* HOW TO COMPLETE THIS TASK: Take the records below from their first line through the line holding "와플 후디드 핑거홀 롱슬리브 블루그레이", and set each of those lines down exactly, without pictures.

Recorded data:
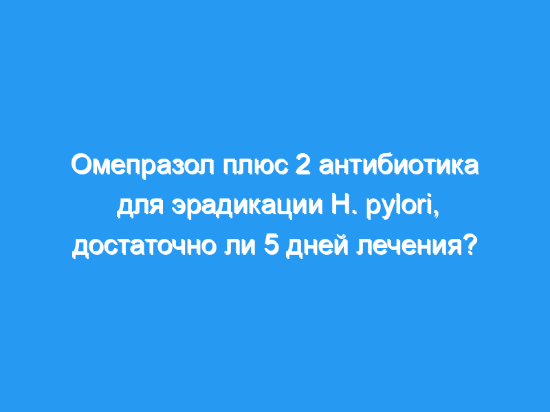 Комбинация омепразола, кларитромицина и метронидазола в течение всего пяти дней обладает высокой эффективностью устранения (примерно 90%), аналогичной той, что была получена в предыдущих исследованиях. исследования с семидневной терапией. Тем не менее, сочетание омепразола, кларитромицина и амоксициллина, вероятно, следует назначать по крайней мере в течение одной недели для достижения оптимальной эффективности уничтожения.
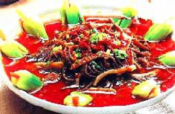 主料:黄牛毛肚,青蒜苗,葱白各250克,牛肝,牛腰,牛脊髓,醪糟汁各100克,背柳肉150克,鲜菜500克,干辣椒,姜片,豆豉各40克,料酒15克,花椒,精盐各10克,豆瓣125克,鸡蛋清6个,味精,香油各2克,牛肉汤2500克,牛肉200克。
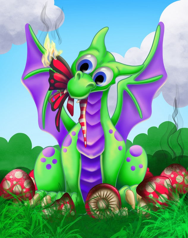 After accidentally stumbling through a circle of mushrooms in a nearby forest these young Dragonlings fell into the world of the fairies. Little did they know that the seemingly simple ring of fungus was anything but simple! They romped through this new mystical land, causing all sorts of mischief and mayhem. Running this way and that they gleefully chased the fairies all over their homeland, giggling as they romped. They had so much fun they decided that Fairyland would be their secret place to run and play. Ever since that day, it is upon the border of Dragondom and Faeryland that the baby dragons go to frolic.
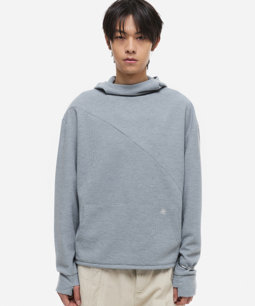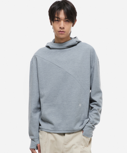 와플 후디드 핑거홀 롱슬리브 블루그레이
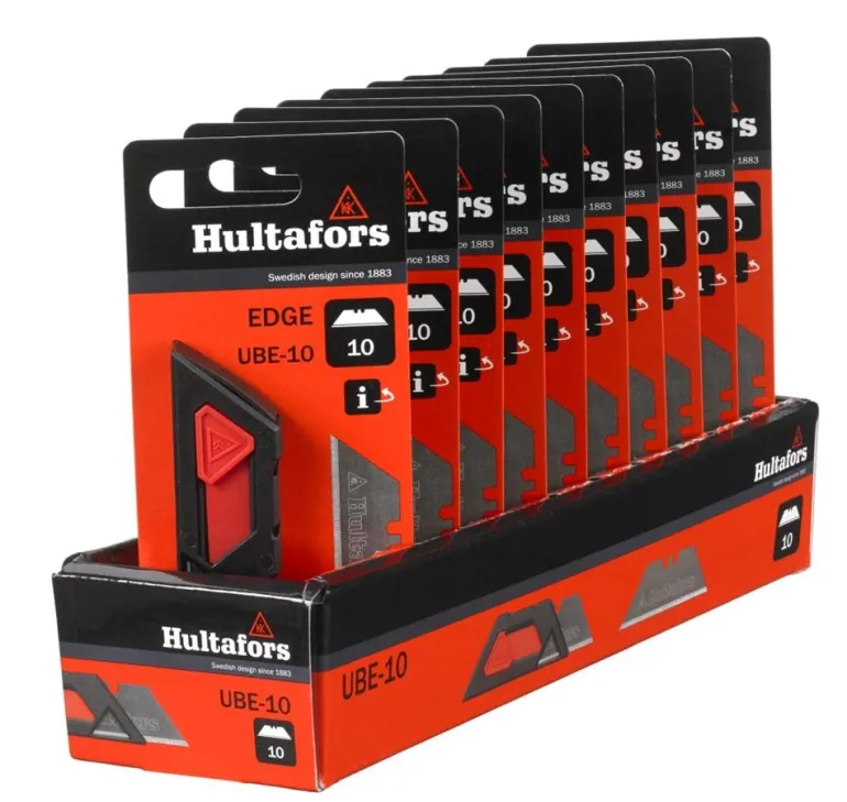 Erittäin terävä terä tarkkaan työskentelyyn, kun leikkausvaatimukset ovat erityisen korkeat. Edge terät ovat valmistettu karkaistusta SK2 hiiliteräksestä. Terävemmät kuin Allround-terät, mutta myös hauraammat. Tulevat käytännöllisessä 10 terän jousitetussa pakkauksessa, joka helpottaa teränvaihtoa. Pakkaus mahtuu Hultafors yleisveitsien kädensijan sisälle ja myös käytetyt terät voi laittaa kotelon kääntöpuolelle säilöön, jolloin työpisteesi pysyy siistinä ja turvallisena.
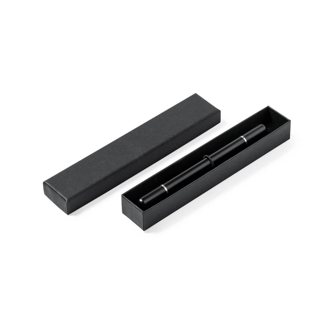 Elegante set in alluminio confezionato in astuccio nero composto da penna a sfera e matita eterna, entrambe con chiusura a cappuccio. il puntale in grafite della matita non necessita di essere temperato.

* ANSWER BELOW:
 Комбинация омепразола, кларитромицина и метронидазола в течение всего пяти дней обладает высокой эффективностью устранения (примерно 90%), аналогичной той, что была получена в предыдущих исследованиях. исследования с семидневной терапией. Тем не менее, сочетание омепразола, кларитромицина и амоксициллина, вероятно, следует назначать по крайней мере в течение одной недели для достижения оптимальной эффективности уничтожения.
 主料:黄牛毛肚,青蒜苗,葱白各250克,牛肝,牛腰,牛脊髓,醪糟汁各100克,背柳肉150克,鲜菜500克,干辣椒,姜片,豆豉各40克,料酒15克,花椒,精盐各10克,豆瓣125克,鸡蛋清6个,味精,香油各2克,牛肉汤2500克,牛肉200克。
 After accidentally stumbling through a circle of mushrooms in a nearby forest these young Dragonlings fell into the world of the fairies. Little did they know that the seemingly simple ring of fungus was anything but simple! They romped through this new mystical land, causing all sorts of mischief and mayhem. Running this way and that they gleefully chased the fairies all over their homeland, giggling as they romped. They had so much fun they decided that Fairyland would be their secret place to run and play. Ever since that day, it is upon the border of Dragondom and Faeryland that the baby dragons go to frolic.
 와플 후디드 핑거홀 롱슬리브 블루그레이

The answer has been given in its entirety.